People of Color in U.S. More Likely to Breathe Six Types of Air Pollution, Study Finds

In another example of environmental racism, new research has found that people of color in the U.S. are more likely to breathe in six major types of air pollution.

The research, published in Environmental Health Perspectives Wednesday, found that overall air pollution levels had decreased during the study period, but disparities in exposure persisted along racial and ethnic lines.

“This is the first time anyone has looked comprehensively at all these main pollutants and watched how they vary over time and space,” senior author and University of Washington (UW) professor of civil and environmental engineering Julian Marshall said in a UW press release. “This paper is a chance to recognize that, while every community is unique, there are some factors that play out over and over again consistently across our country. If we go state by state, there’s no place where there are no environmental justice concerns.”

The UW-based research team looked at six major air pollutants: nitrogen dioxide, carbon monoxide, ozone, sulfur dioxide, larger particulate matter (PM10) like pollen or dust and smaller particulate matter (PM2.5) like car exhaust. They considered the years 1990, 2000 and 2010 and compared air pollution models to census data including where people lived, their racial or ethnic background and their income.

“For all years and pollutants, the racial/ethnic group with the highest national average exposure was a racial/ethnic minority group,” the study authors concluded.

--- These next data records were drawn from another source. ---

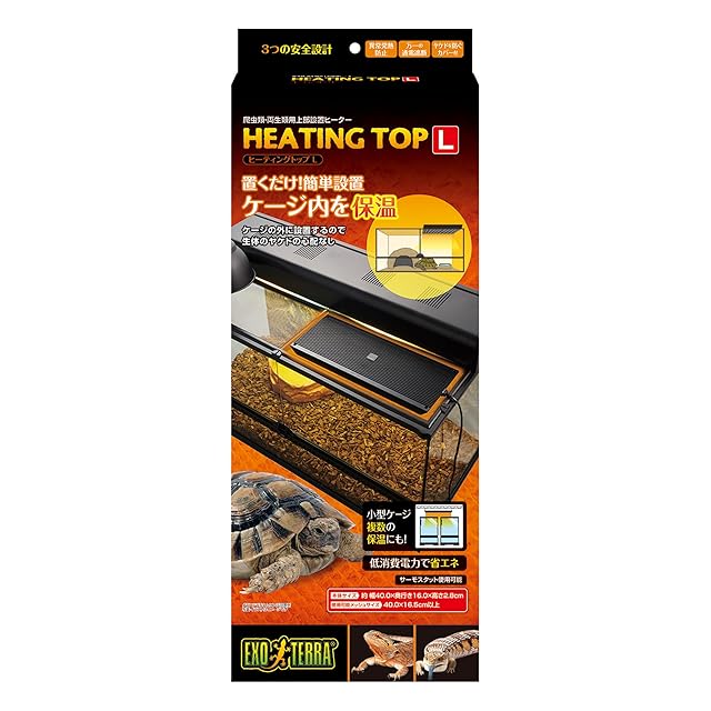 ●爬虫類・両生類用上部設置ヒーター ● 【3つの安全設計】 1.誤使用による発熱防止 間違った設置方法等により本体が異常高温になった場合、サーマルプロテクターが働き通電を制御。 2.万一の通電遮断 サーマルプロテクターが故障した時も、異常高温時は温度ヒューズで通電遮断。(※温度ヒューズが働くと再使用できません) 3.難燃性樹脂カバーつき ヒーター部の高温面に触れにくく、うっかりヤケドを防止 ●サーモスタット使用可能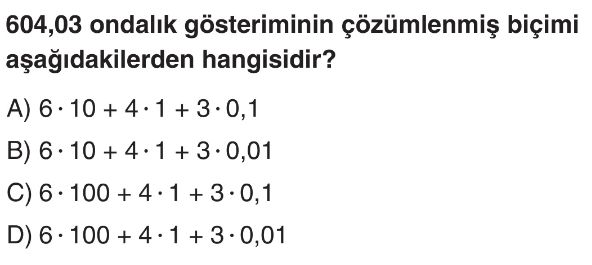 6. Sınıf Ondalık Gösterimlerde Basamak Değeri ve Çözümleme Test 4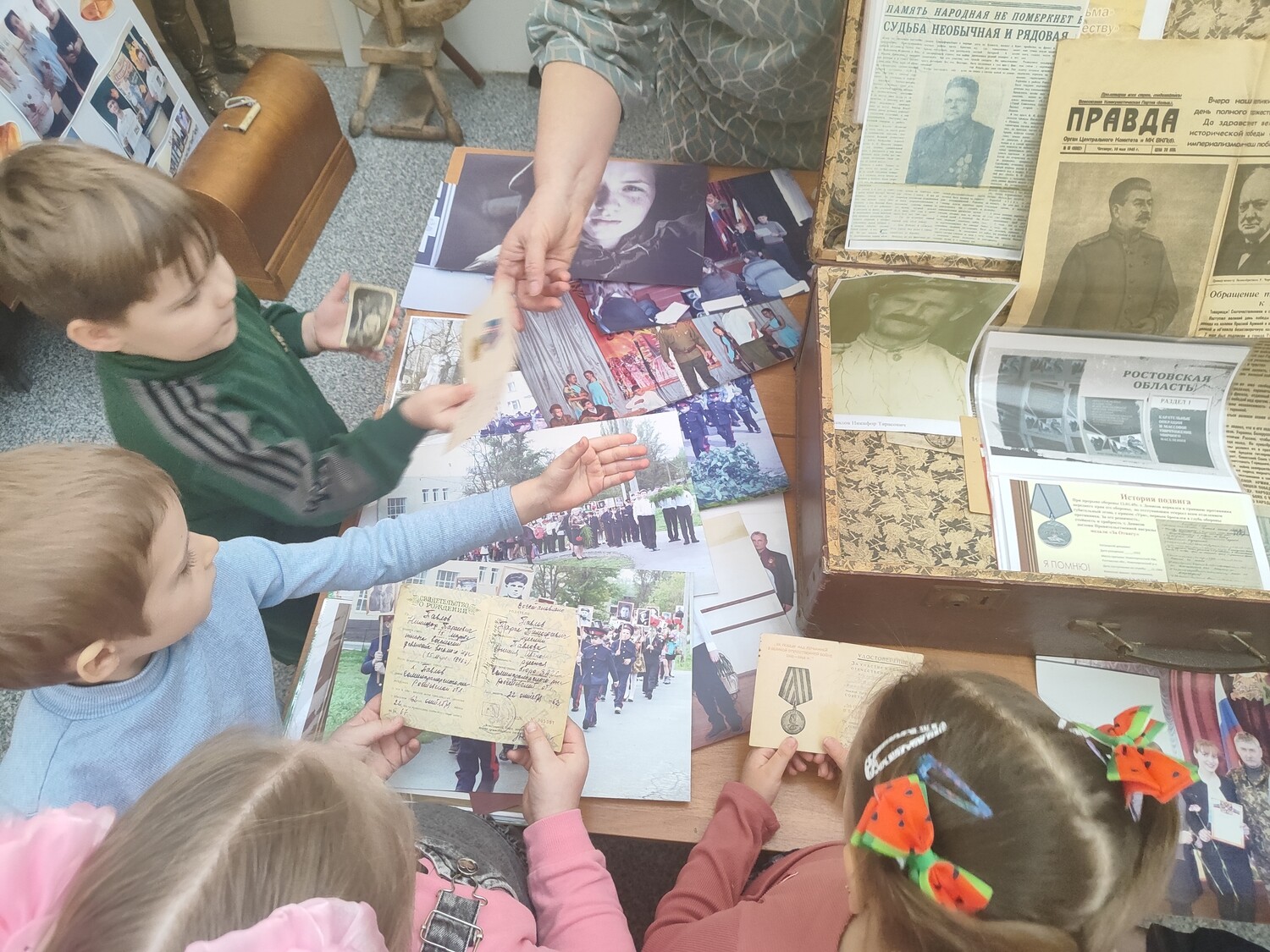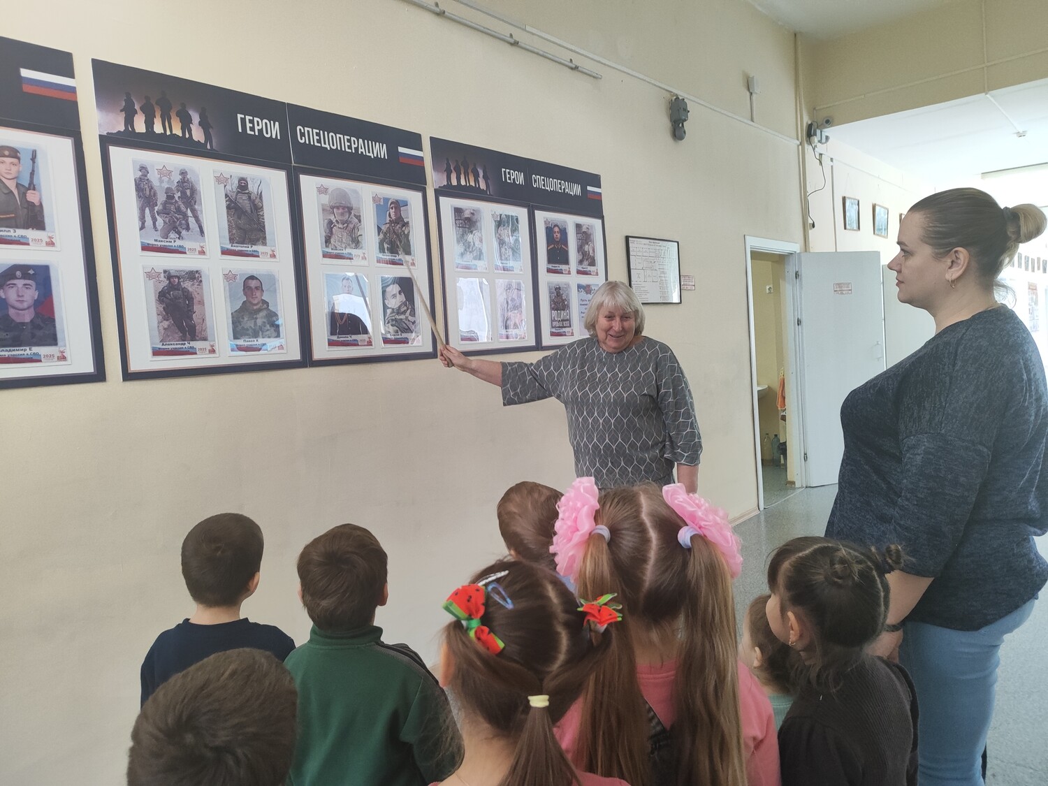 Ребята рассматривали фотографии ветеранов Великой Отечественной войны и участников СВО. Дети вглядывались в лица героев, задавали вопросы, учились понимать, что такое долг и честь.

While disparities did decline along with overall pollution levels between 1990 and 2010, they did not disappear, and occurred regardless of income or whether communities lived in urban or rural areas.

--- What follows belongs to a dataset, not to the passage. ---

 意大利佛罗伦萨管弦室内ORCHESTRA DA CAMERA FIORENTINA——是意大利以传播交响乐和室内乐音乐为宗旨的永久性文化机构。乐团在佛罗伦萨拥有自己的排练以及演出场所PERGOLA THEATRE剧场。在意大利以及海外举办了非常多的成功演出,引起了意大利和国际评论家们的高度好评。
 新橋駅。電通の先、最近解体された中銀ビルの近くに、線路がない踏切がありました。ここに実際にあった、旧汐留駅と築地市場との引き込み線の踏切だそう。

The researchers calculated both absolute and relative disparities. They determined absolute disparities by subtracting pollution exposure for each group from the state average and relative disparities by dividing the absolute disparity by average exposure across the country.

“Relative disparities allow us to compare across pollutants,” lead author Jiawen Liu, a UW doctoral student in civil and environmental engineering, said in the press release. “Each pollutant will have a general range of exposure, but when you divide by the average it gives you a basis for how big or small that exposure disparity is.”

The researchers found that both absolute and relative disparities had declined over time, but relative disparities have not declined as quickly and are worse than the average for all non-white minority groups.

The research builds on previous findings that communities of color are more likely to be exposed to pollution. A study published in April, for example, found that people of color in the U.S. were more exposed to particulate matter pollution regardless of income or location.

This means the findings won’t be a surprise to the members of communities actually impacted by these pollutants. One such person is South Los Angeles resident Iretha Warmsley, who acts as a clean air ambassador for her historically Black community. Warmsley, who suffers from asthma, told The Guardian that conditions have improved with the shuttering of some factories, but freeways and local businesses continue to emit.

“They put in businesses wherever they feel like it,” Warmsley said. “They don’t consider human lives. It’s not healthy for anyone. But we’re the last ones [to consider] when it comes to cleaning up the community.”

There is increasing evidence that exposure to air pollution is a major public health problem, contributing to a range of ailments from cancer, to heart disease to cognitive problems, the press release said. It also lowers life expectancy and can increase the risk of COVID-19, according to The Guardian.

While the communities disproportionately exposed to it have long been aware of the injustice, it’s still important to document the disparities for science, Liu and Marshall said in the press release.

“Essentially, our research is showing these disparities exist,” Liu said. “We’re trying to catch people’s attention and show what is happening now. We hope this information will motivate change.”